Trusted Claude Skills

A curated catalog of Claude Code (and Claude Desktop) Agent Skills with trust ratings.

Why this exists: Anthropic's own guidance is "use Skills only from trusted sources: those you created yourself or obtained from Anthropic." A malicious skill can direct Claude to invoke tools or execute code in ways that don't match its stated purpose. As of April 2026, 13%+ of marketplace skills have been found to contain critical vulnerabilities (per the Tech Leads Club audit), and security-vetting registries are emerging. This wiki is one personal node in that emerging trust network.

Trust tiers

Tier	Meaning
🟢 Anthropic	Published / maintained by Anthropic in `anthropics/skills`. Default trust.
🔵 First-party	Bundled with Claude Code or Claude.ai by Anthropic — visible in `Skill` tool listings.
🟡 Vetted-third-party	Listed in a security-scanning registry (Skills Directory, SkillHub S/A-rank, agentskills.io verified) AND has visible source.
🟠 Personal-use	Jacob has used it personally, read the source, and finds it benign. No external audit.
🔴 Audit-before-use	Listed in marketplaces but not yet personally vetted; the standard Anthropic warning applies.

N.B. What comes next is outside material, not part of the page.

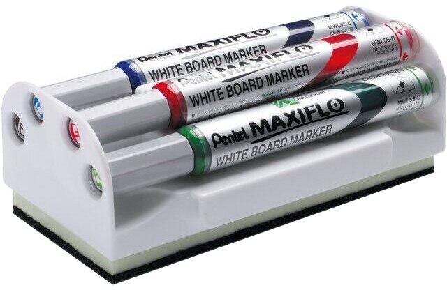 Pentel Maxiflo tábla jelölő készlet, kerek hegy 4 mm + mágneses szivacs, 4db (PEMWL5S-4N)
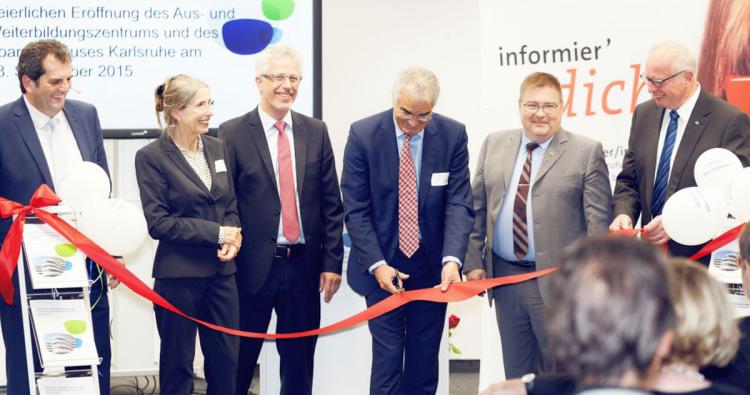 Das Durchschneiden des roten Bandes am Tag der Feierlichen Eröffnung 2015: (v.l.) Geschäftsführer Peter Kupczyk, Stadträtin Renate Rastätter, Vorsitzender Matthias Müller, Ministerialdirektor Guido Rebstock, ehem. Vorsitzender Dieter Mattern und Ehrenvorsitzender Dieter Mollenkopf,

Skills used in this stack (Mac Mini, M3)

These appeared in recent Claude Code sessions on Jacob's machines:

Skill	Source	Tier	Notes
`simplify`	local	🟠	Reviews changed code for reuse/quality/efficiency
`loop`	local	🟠	Recurring task runner; calls `ScheduleWakeup` / cron
`schedule`	local	🟠	Manages scheduled remote agents (routines)
`claude-api`	local	🟠	Anthropic SDK helper — prompt caching, model migration
`feature-dev`	local	🟠	Guided feature development with codebase awareness
`init`	local	🟠	Bootstraps a new `CLAUDE.md` from a codebase scan
`frontend-design`	local	🟠	Produces non-generic UI code
`prd`	local	🟠	Generates a PRD for a new feature
`ralph`	local	🟠	Converts PRD → Ralph autonomous-agent JSON
`mac-app-store-submit`	local	🟠	Mac App Store submission walkthrough
`update-config`	local	🟠	Edits `~/.claude/settings.json` and hooks
`fewer-permission-prompts`	local	🟠	Scans transcripts and proposes allow-list rules
`keybindings-help`	local	🟠	Customizes `~/.claude/keybindings.json`
`colony-bootstrap`	local	🟠	Bootstraps an Agent Colony plan
`security-review`	local	🟠	Branch security review
`review`	local	🟠	PR review skill

All "local" skills live under ~/.claude/skills/ (or are loaded via plugin) and are inspectable. Trust = the source is local and readable.

High-reputation third-party skills (Tier 🟡)

Skills that appear repeatedly across multiple registries with security scanning:

anthropics/skills — Anthropic's own public skill repo. 🟢
Skills Directory — every skill scanned for malware, prompt injection, credential theft. 🟡
SkillHub — 7,000+ AI-evaluated skills, S-rank (9.0+) skills are conservative bets. 🟡 (only S/A-rank)
Tech Leads Club agent-skills — verified-tested-safe skill registry; positions itself against the 13% malicious baseline. 🟡
LobeHub Skills Marketplace — security-first vetting. 🟡 (with caveat — re-audit anything before piping it to a tool with shell access)

Marketplaces requiring caution (Tier 🔴 by default)

SkillsMP — community aggregator from GitHub. Useful for discovery; treat each skill as untrusted until read.
claudeskills.info — 140+ open-source skills, but no security audit before listing.

How to vet a Claude skill before installing

Read the skill's SKILL.md (or skill.md) end-to-end. Anything invoking Bash, Write, network calls, or eval is high-risk.
Check the tools declared in frontmatter — a "summarize a paragraph" skill that asks for Bash is suspicious.
Cross-reference the author against at least one of: anthropics/skills contributors, Skills Directory verified list, SkillHub S-rank.
If you must use it, run it first in a sandbox (OpenClaw + sandbox-on, or a Docker workspace) before granting your real shell.
If the skill bundles binary blobs or fetches code at runtime, stop. Anthropic's threat model doesn't cover this.